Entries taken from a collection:
--------------------------------

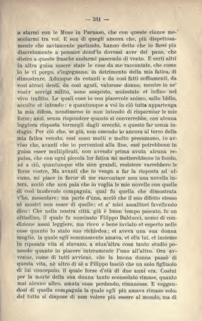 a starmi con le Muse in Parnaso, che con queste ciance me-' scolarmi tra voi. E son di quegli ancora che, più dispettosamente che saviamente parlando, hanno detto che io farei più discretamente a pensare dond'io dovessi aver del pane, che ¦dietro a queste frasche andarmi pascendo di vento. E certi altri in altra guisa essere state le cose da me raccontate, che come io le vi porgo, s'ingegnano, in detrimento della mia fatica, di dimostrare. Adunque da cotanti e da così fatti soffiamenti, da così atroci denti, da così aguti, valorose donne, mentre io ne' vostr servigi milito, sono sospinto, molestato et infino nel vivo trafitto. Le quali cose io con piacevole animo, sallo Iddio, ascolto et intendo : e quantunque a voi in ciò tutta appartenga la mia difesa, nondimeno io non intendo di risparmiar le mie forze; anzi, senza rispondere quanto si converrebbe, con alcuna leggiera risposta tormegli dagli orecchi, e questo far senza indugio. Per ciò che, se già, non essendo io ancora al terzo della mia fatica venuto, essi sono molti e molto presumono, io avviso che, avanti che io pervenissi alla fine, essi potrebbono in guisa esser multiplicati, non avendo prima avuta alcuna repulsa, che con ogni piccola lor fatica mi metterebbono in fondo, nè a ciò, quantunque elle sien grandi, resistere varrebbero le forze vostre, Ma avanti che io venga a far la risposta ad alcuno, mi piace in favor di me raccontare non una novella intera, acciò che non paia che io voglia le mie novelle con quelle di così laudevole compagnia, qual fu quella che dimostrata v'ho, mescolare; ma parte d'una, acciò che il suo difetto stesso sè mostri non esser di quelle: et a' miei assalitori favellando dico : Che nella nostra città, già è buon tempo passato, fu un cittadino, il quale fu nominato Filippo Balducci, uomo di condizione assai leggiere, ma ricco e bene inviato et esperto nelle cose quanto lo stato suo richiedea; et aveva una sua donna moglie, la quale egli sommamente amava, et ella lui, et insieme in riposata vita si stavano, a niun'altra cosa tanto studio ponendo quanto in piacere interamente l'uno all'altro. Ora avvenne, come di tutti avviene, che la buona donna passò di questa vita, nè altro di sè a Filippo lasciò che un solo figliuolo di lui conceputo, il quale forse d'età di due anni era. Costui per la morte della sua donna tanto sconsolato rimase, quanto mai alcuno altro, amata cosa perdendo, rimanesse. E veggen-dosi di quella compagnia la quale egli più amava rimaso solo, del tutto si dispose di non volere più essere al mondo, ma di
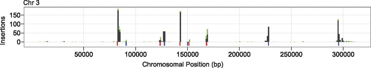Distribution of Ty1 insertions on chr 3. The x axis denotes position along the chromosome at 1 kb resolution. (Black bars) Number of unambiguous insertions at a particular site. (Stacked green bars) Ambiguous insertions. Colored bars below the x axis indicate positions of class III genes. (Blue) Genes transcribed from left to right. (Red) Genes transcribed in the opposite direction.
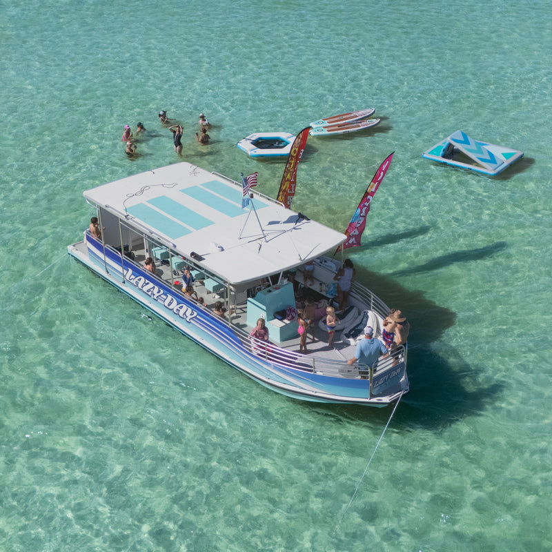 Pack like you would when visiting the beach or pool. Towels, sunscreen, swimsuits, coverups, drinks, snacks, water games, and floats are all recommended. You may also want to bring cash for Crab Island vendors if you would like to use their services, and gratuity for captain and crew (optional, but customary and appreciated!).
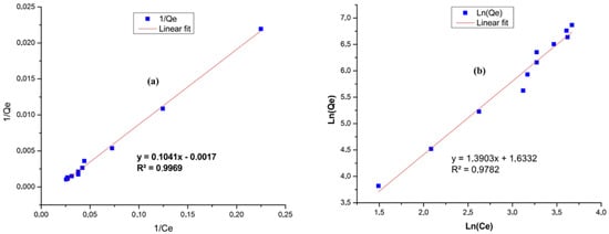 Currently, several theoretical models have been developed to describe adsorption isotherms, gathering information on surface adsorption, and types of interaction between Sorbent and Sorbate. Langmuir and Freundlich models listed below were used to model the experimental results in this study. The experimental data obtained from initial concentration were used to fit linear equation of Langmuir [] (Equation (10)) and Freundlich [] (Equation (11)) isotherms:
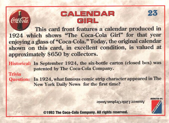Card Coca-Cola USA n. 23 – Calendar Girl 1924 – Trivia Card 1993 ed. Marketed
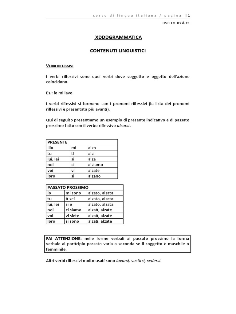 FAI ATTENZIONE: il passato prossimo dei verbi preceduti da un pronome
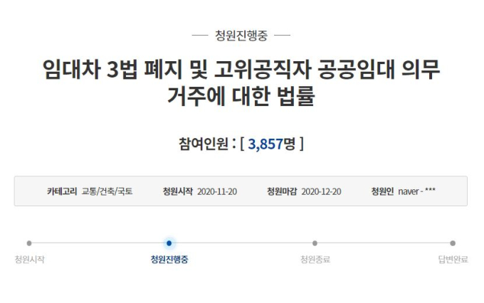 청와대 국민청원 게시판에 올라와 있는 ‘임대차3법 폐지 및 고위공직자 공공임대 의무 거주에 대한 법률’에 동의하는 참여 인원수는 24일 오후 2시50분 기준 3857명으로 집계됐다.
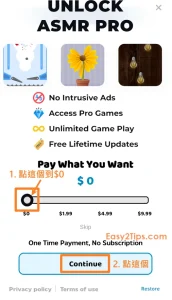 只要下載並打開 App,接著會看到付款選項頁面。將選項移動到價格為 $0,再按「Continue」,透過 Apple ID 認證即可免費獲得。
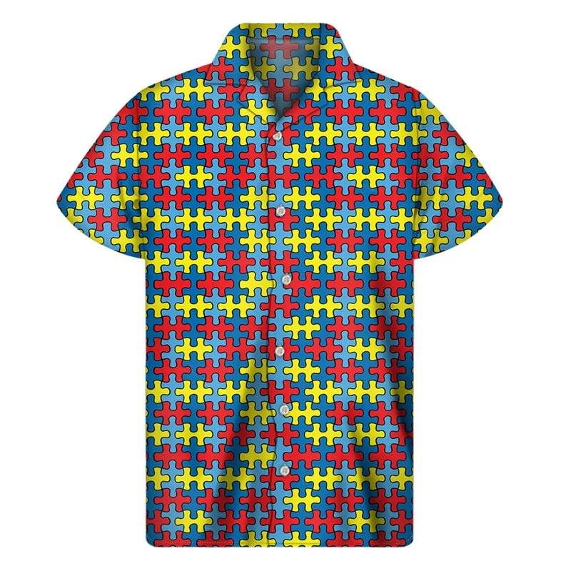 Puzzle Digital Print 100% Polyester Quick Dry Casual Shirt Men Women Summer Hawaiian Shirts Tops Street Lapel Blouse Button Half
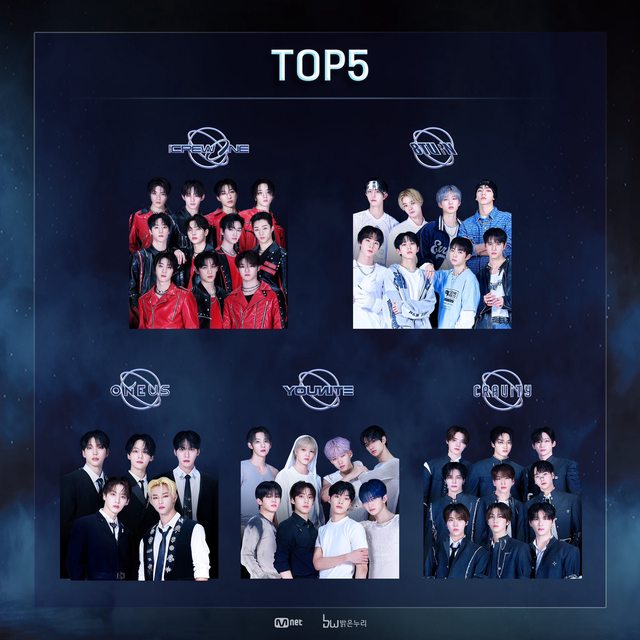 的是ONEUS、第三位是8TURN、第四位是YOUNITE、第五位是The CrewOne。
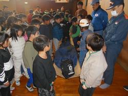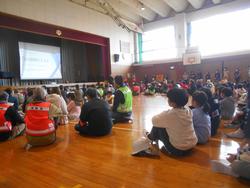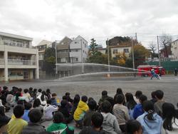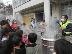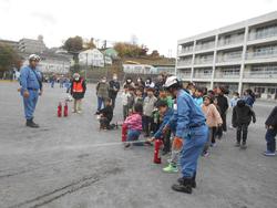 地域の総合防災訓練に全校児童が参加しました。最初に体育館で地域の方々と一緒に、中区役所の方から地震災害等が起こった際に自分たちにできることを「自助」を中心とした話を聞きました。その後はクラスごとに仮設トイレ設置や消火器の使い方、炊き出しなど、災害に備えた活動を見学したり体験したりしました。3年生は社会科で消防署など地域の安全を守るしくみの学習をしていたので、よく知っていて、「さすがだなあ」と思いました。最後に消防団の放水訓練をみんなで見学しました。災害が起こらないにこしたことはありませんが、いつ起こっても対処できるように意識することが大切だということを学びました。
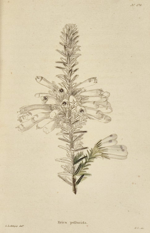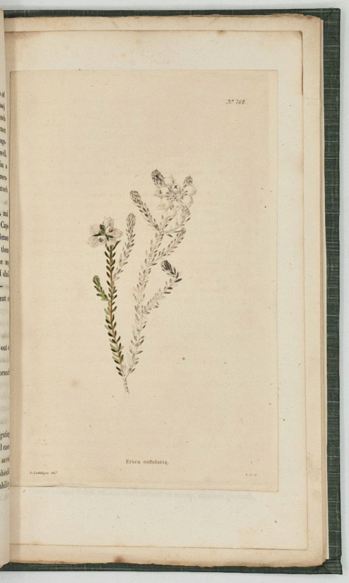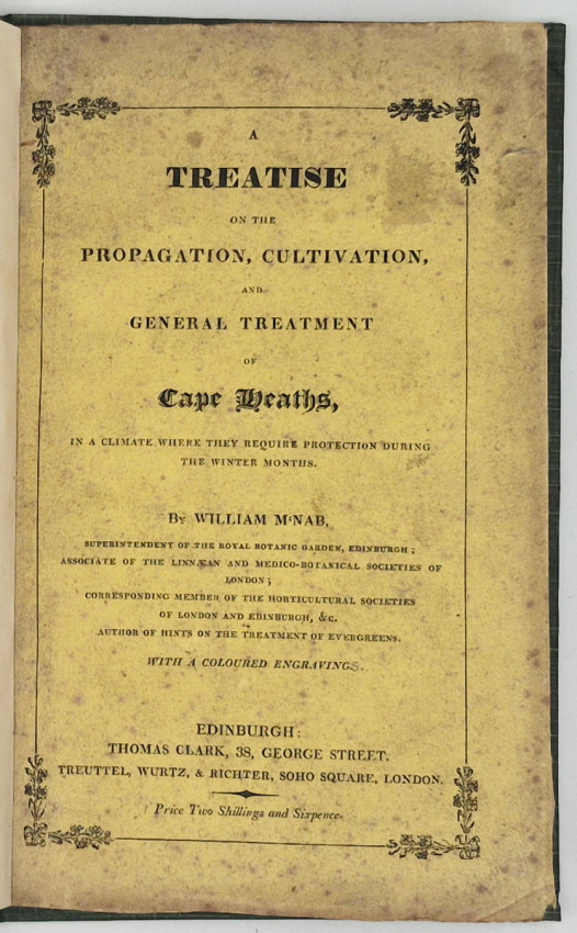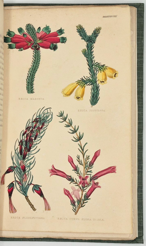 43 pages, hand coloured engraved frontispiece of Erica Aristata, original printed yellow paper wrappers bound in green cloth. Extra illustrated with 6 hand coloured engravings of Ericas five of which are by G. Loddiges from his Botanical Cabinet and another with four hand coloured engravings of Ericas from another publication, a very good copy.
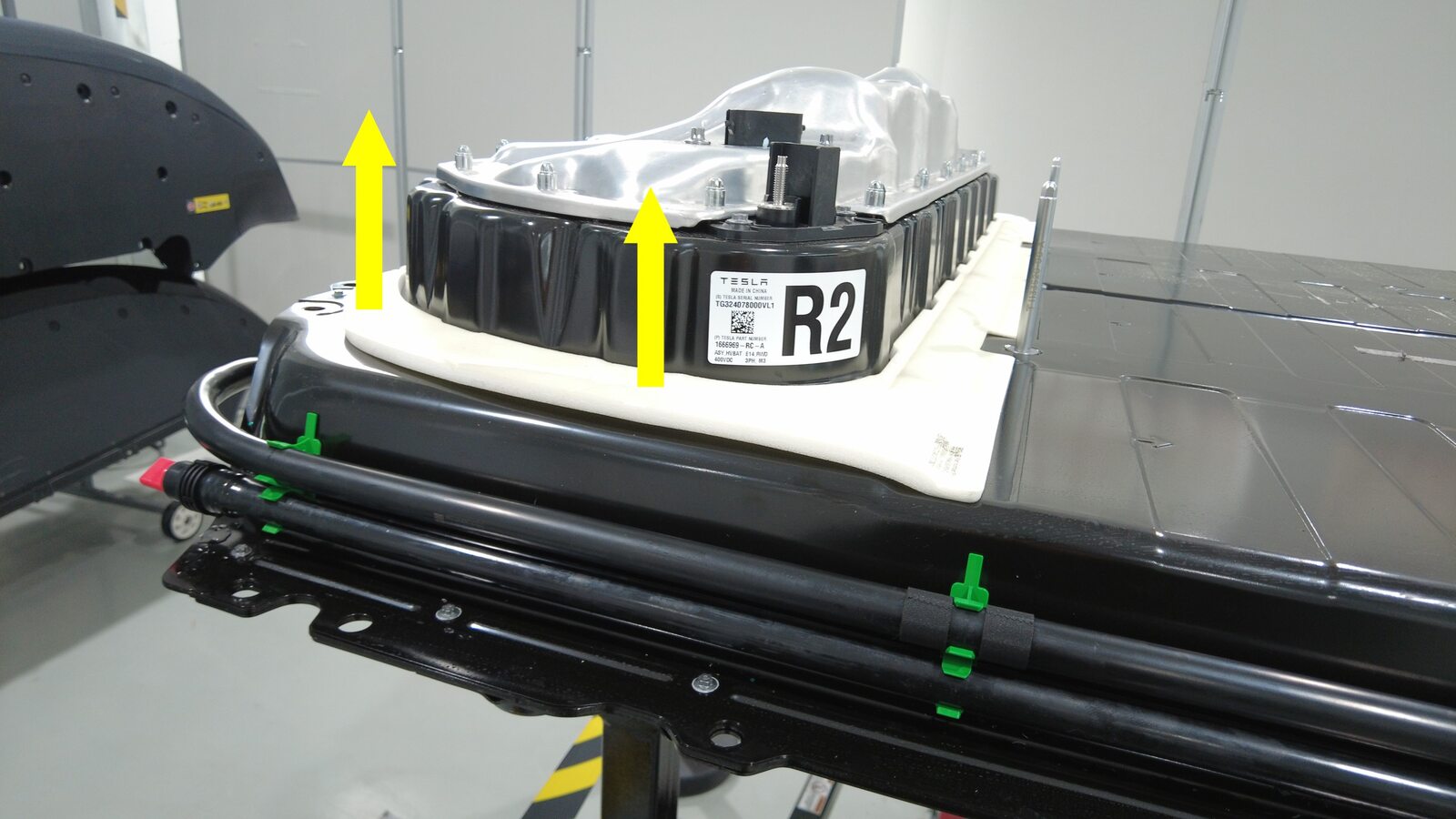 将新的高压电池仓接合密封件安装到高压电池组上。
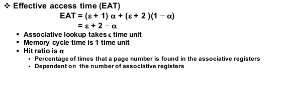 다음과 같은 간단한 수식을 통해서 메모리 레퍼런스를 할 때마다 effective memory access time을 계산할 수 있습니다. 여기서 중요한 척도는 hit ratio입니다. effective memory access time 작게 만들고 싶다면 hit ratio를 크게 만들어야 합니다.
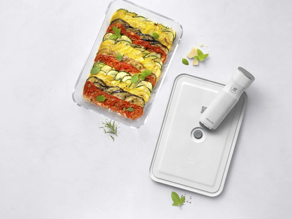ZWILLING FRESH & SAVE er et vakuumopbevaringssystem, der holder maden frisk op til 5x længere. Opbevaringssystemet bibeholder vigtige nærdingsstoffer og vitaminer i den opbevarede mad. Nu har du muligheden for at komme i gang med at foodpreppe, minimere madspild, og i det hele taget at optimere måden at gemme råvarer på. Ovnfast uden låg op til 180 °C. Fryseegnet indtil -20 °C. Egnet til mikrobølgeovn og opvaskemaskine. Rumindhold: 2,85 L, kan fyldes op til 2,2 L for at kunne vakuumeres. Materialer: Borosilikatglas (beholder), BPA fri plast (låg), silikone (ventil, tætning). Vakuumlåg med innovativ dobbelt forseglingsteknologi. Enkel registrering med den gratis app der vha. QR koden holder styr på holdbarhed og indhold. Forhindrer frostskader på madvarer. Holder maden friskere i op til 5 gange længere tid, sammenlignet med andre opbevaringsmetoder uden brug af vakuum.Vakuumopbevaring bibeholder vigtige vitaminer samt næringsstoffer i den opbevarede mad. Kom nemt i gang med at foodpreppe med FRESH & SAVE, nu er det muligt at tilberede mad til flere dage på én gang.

--------------------------------

* [YOUR GOAL] "Distribution of Ty1" marks the first line to copy, and "Pack like you" marks the last. Repeat that stretch above exactly, with no pictures.

* [TASK OUTPUT]
Distribution of Ty1 insertions on chr 3. The x axis denotes position along the chromosome at 1 kb resolution. (Black bars) Number of unambiguous insertions at a particular site. (Stacked green bars) Ambiguous insertions. Colored bars below the x axis indicate positions of class III genes. (Blue) Genes transcribed from left to right. (Red) Genes transcribed in the opposite direction.
 Pack like you would when visiting the beach or pool. Towels, sunscreen, swimsuits, coverups, drinks, snacks, water games, and floats are all recommended. You may also want to bring cash for Crab Island vendors if you would like to use their services, and gratuity for captain and crew (optional, but customary and appreciated!).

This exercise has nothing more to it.